* Exercise requirements
Type out the listing below exactly. Pictures stay out of it.

* Source data
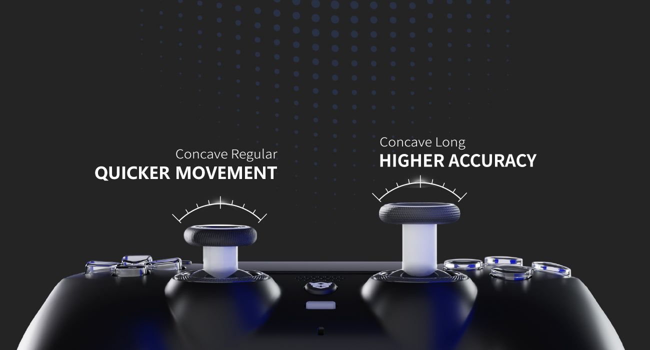 2 kinds of height and 3 ergonomic designs, domed, concave, and concave widened thumbsticks for movement control or accuracy for different hand sizes and to fit your playstyle. Get the edge in FPS esports games with better aiming accuracy.
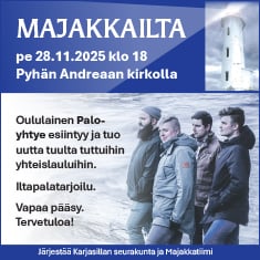 • Su 23.11. klo 18 kirkossa gospelmessu ja lähetyslentäjien toiminnan esittelyä. Toimittaa Seija Helomaa, kanttorina Tiina Saukkoriipi-Haapala.
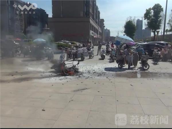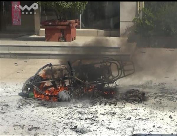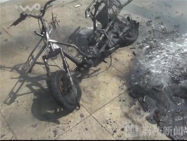 据目击者介绍,事发时,这辆电动车突然发出一声炸响,然后就起起火了,虽然消防人员5分钟后赶到现场及时扑救,然而这辆电动车还是被烧成空壳。

* Result of this task
 2 kinds of height and 3 ergonomic designs, domed, concave, and concave widened thumbsticks for movement control or accuracy for different hand sizes and to fit your playstyle. Get the edge in FPS esports games with better aiming accuracy.
 • Su 23.11. klo 18 kirkossa gospelmessu ja lähetyslentäjien toiminnan esittelyä. Toimittaa Seija Helomaa, kanttorina Tiina Saukkoriipi-Haapala.
 据目击者介绍,事发时,这辆电动车突然发出一声炸响,然后就起起火了,虽然消防人员5分钟后赶到现场及时扑救,然而这辆电动车还是被烧成空壳。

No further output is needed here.